Steele takes a stab at Yushchenko
From the chronicle of distortions #3: Yushchenko is as bad as the guys he's up against
On Oct 28, 2004, the Guardian ran a commentary by Johnathan Steele titled: "Where the Cold War Never Died". It included a nasty little swipe at Yushchenko for being undemocratic.
Steele said: "[Political observers] also wonder how much of a democrat Yushchenko is. He publicly compared supporters of one murdered journalist, Georgy Gongadze, to fascists." The original context of this remark we aren't given, and I am unfamiliar with it, but the intention is clearly not in promoting the truth, as Steele leaves out the following very vital details:
1) Ukrainians clearly do not find, and have not ever found, Yushchenko to be anti-Gongadze. To take a recent bit of proof, during the pro-Yushchenko rallies this week, Gongadze's mother appeared on the stage herself, and Gongadze's wife addressed the crowd in a videotaped message from her home in Washington. Would they be promoting him in front of millions if there were any credible argument that Yushchenko was reviling Gongadze's name, or the names of his true supporters?

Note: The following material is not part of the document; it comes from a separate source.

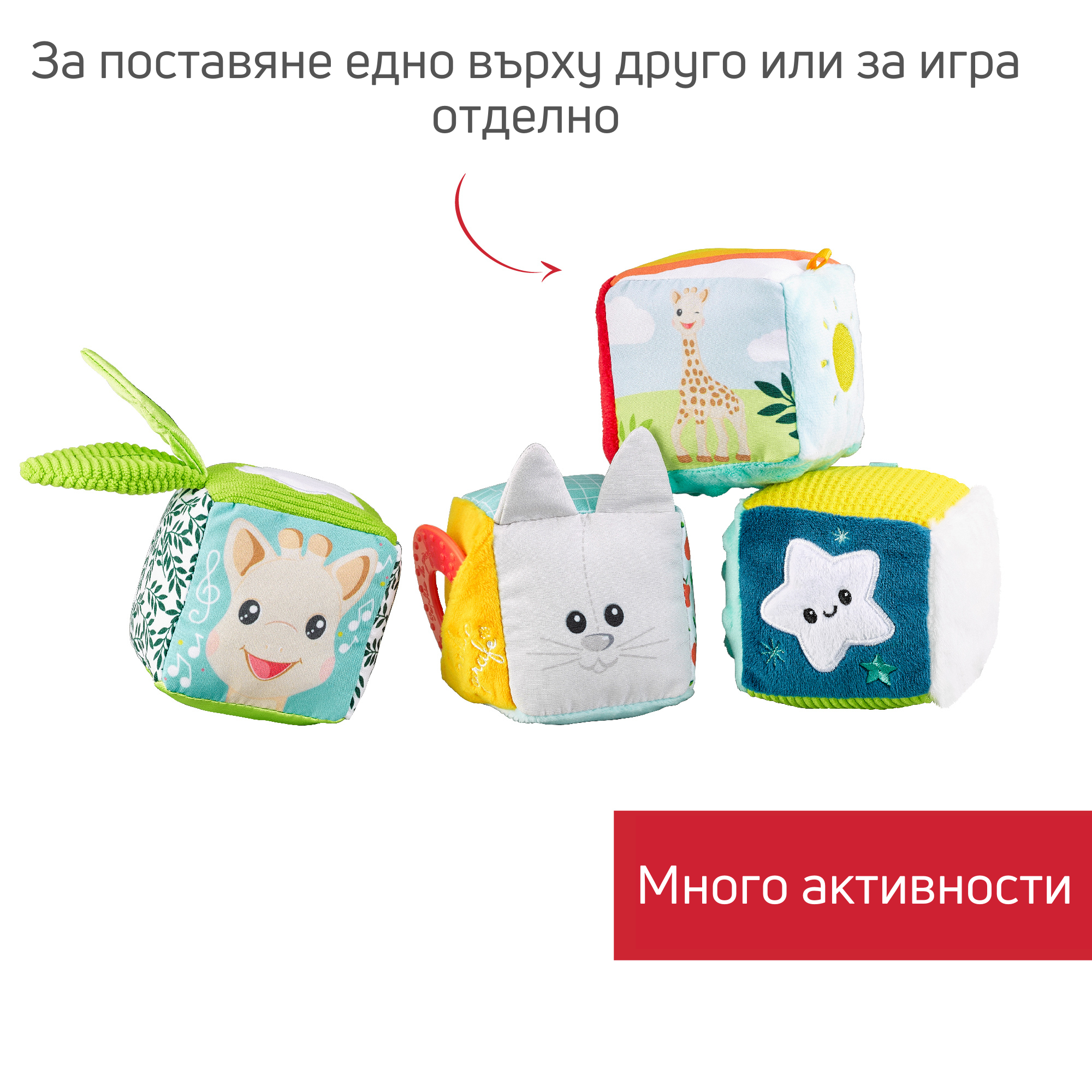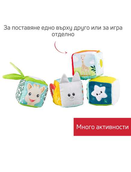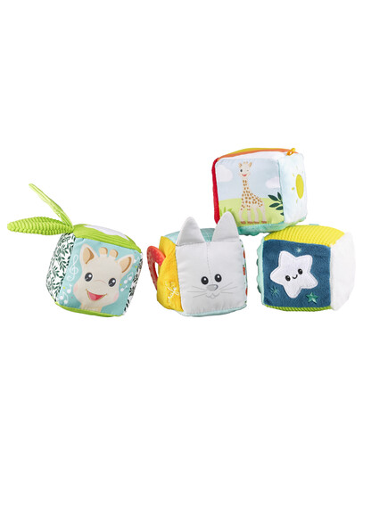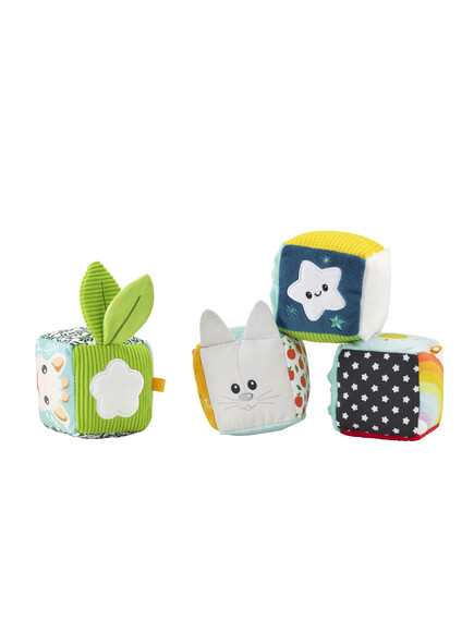 Това са 4 меки кубчета в различни цветове и текстури, които бебето може да хваща, реди и да си играе поотделно.

2) Gongadze didn't just get killed in a random attack. He was under surveillance by the Ukrainian secret police, who let him be kidnapped by thugs, who then tortured him, killed him, and left his beheaded body lying in a ditch out in the backwoods of the Kyiv region for a passerby to find. Later a tape was released by Kuchma's bodyguard, in which he caught Kuchma saying "something should be done about that guy" just before Gongadze was killed. That Yushchenko made a comment Steele could use out of context was fit to print, that the actual *murder of the journalist in question* was linked on tape to the administration was not fit to even mention.
In the same article, Steele points out the visits by senior US officials to Ukraine as interference, claiming "They were aroused, it seems, by the outgoing president Leonid Kuchma's sudden change of line on Nato," and continuing on about how the US is just trying to get Ukraine into its NATO club because it hates Russia. What he neglects to mention is that two of the three people he mentioned (Richard Holbrooke and Henry Kissenger) were explicitly invited by the current President's son-in-law, Victor Pinchuk, and came based on his invitation.
Either Mr. Steele has been incredibly sloppy with his journalism and compounded his sloppiness with unsubstantiated accusations, or he is purposefully concealing facts. Either way, he is not a journalist you should trust when reading about Ukraine.